We donated the last bits - the really big bits of trunk - to the local estate's communal bonfire that November, about 18 months after we first started cutting it down. The biggest bit took four men to carry and burned for a day.

About a year later, the letting agents sent someone round to do an inventory of the flat and I'd arranged to be in while they were there in case any awkward questions came up. Which they did, as he looked out of one of the first-floor windows...
"Didn't there used to be two trees in the garden?"
At this point the second tree was now nothing but a 4' stump with a birdhouse on top, which I was training ivy to grow over.
"What happened?"
"That one, uh, died."
"But what happened to it?"
"Er...some men from the council took it away?"
"Oh, right then."

I went past the old flat the other day and while the ivy has grown rather nicely over the old stump the surviving tree has taken full advantage of the space, expanding to block out almost as much of the light as two trees had.

TLDR: Men cut down tree, dispose of wood in various ways and don't quite have to lie about it.
(, Fri 9 Nov 2012, 9:57, Reply)

My wee birdie of an aunt got this superhuman bust of strength and stamina to take out all of the contents from her soon to be ex-husband's shed and burn it on the lawn.

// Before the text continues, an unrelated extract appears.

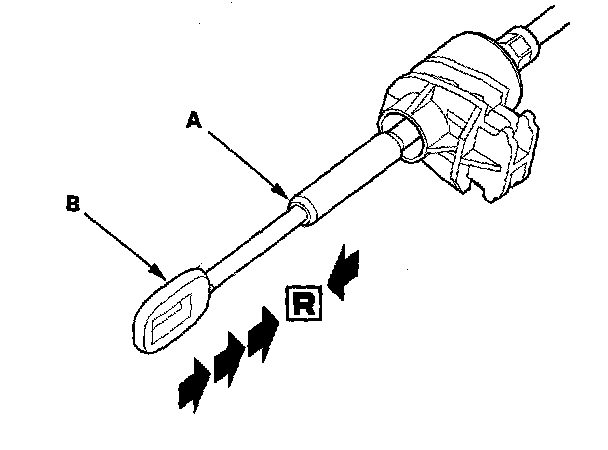 17. If necessary, push the shift cable until it stops, then release it. Pull the shift cable back one step so that the shift position is in R. Do not hold the shift cable guide (A) to adjust the shift cable (B).

Bit of family lore this burning - not even the shotgun shells exploding out of the flames seemed to put her off. We ran for cover; she just tore the double wooden doors of the shed with a crowbar and burnt them and then burnt the crowbar for good measure.

G & T's all round after that effort. The lawn didn't grow back for a very long time and the lumpen metally/plastic remains were broken down and some scattered through the garden like alien gnomes.

She even made us sing along to Dame Edna Everage's "The night we burnt mother's things". Good times.
(, Fri 9 Nov 2012, 9:02, 1 reply)
When I were in my teens, my parents bought a new shed.
You can probably fill in the rest yourselves.
(, Fri 9 Nov 2012, 8:16, 2 replies)
Right then

(, Fri 9 Nov 2012, 3:06, 4 replies)
The perfect crime!
In 1987, my brother and I discovered that a certain type of weed killer was extremely flammable. So we tried mixing it with sugar but didn’t get the results we were hoping for. Two days and many a singed finger later I had a better idea , we dissolved the weed killer in water, dipped cotton wool in it and let it dry. We lit it and it went up with a very pleasing FWOOSH! We were pleased!
So, the next thing we did was cut down an old steel hoover tube and fill it with as much of the cotton wool as possible. After ramming a lump or wood in each end and inserting a homemade fuse we were good to go and off to the greenhouse we went. We lit the fuse and ran for it, there was a little smoke but that was it. Back we went and tried again… and again… and again… so giving up on the fuse idea we lit a tiny fire in the greenhouse and placed the HooverBomb© on top.
With fuck all warning, there was an almighty bang (I’m assuming that there was a bang, all I heard was “BA-eeeeeeeeeeeeeeee” and continued to hear that high pitched noise for two days!) My Brother and I then had to rapidly escape a greenhouse full of smoke whilst we were completely disorientated. The smoke cleared surprisingly quickly, this was due to the newly created 2 foot hole in the roof.
My dad ran into the garden shouting “WHAT THE FUCKING HELL HAVE YOU TWO DONE NOW???” at the top of his lungs This is where my brother the criminal genius attempted to shine. “Deny everything” He said.
This might have worked if we hadn’t been stumbling round the garden, singed and stunned and had come up with a better answer than a shaky “Err.. Nuffin!”
How I survived to the grand old age of 40 is a complete mystery!